P. van Gerwen

Microprocessor Implementation of High-Speed Data Modems

This paper describes the application of a commercially available microprocessor (Intel 3000 or Signetics 3000) to a flexible data transmitter and data receiver for high-speed data modems. For the transmitter a quadrature modulation scheme is chosen; the receiver is based on phase-shift compensation techniques and coherent demodulation with an externally derived digital carrier. For the realization with the given microprocessor it has been necessary to adapt the way of executing the various operations (especially the multiplications for the digital filtering) to the available computational capabilities. The resulting microprocessor implementations are also suitable for application in the current medium-speed synchronous data transmission systems.
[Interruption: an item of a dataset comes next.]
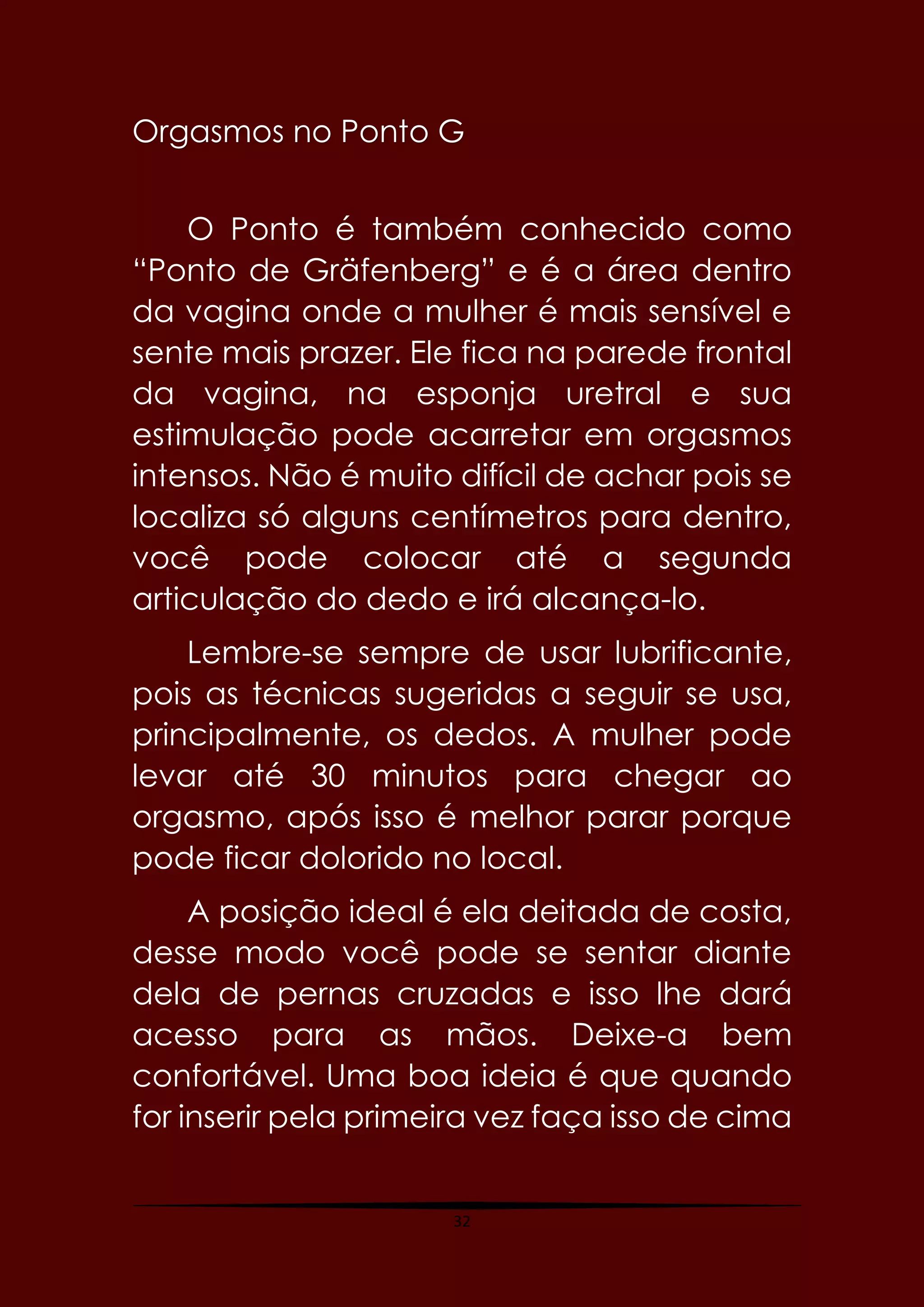 O documento fornece instruções sobre como estimular o ponto G durante o sexo para proporcionar orgasmos intensos à mulher. Ele descreve a localização do ponto G na parede frontal da vagina, técnicas manuais usando os dedos, como movimentos circulares e de vai-e-vem, e posições sexuais que facilitam a estimulação, como deitar de costas ou erguer os quadris.

A New Type of Digital Filter for Data Transmission

A digital filter is introduced consisting of a transversal part and a simple recursive network. The coefficients of the transversal part are equal to integer powers of two or zero; thus complicated multipliers are avoided and instead a simple routing circuit is used. Use of several types of the recursive network makes the filter applicable in different frequency ranges. The coefficients of the transversal part can be interpreted as differences of successive values of the impulse response of the filter. It is shown that this difference routing digital filter (DRDF) is especially suited for application in data transmission.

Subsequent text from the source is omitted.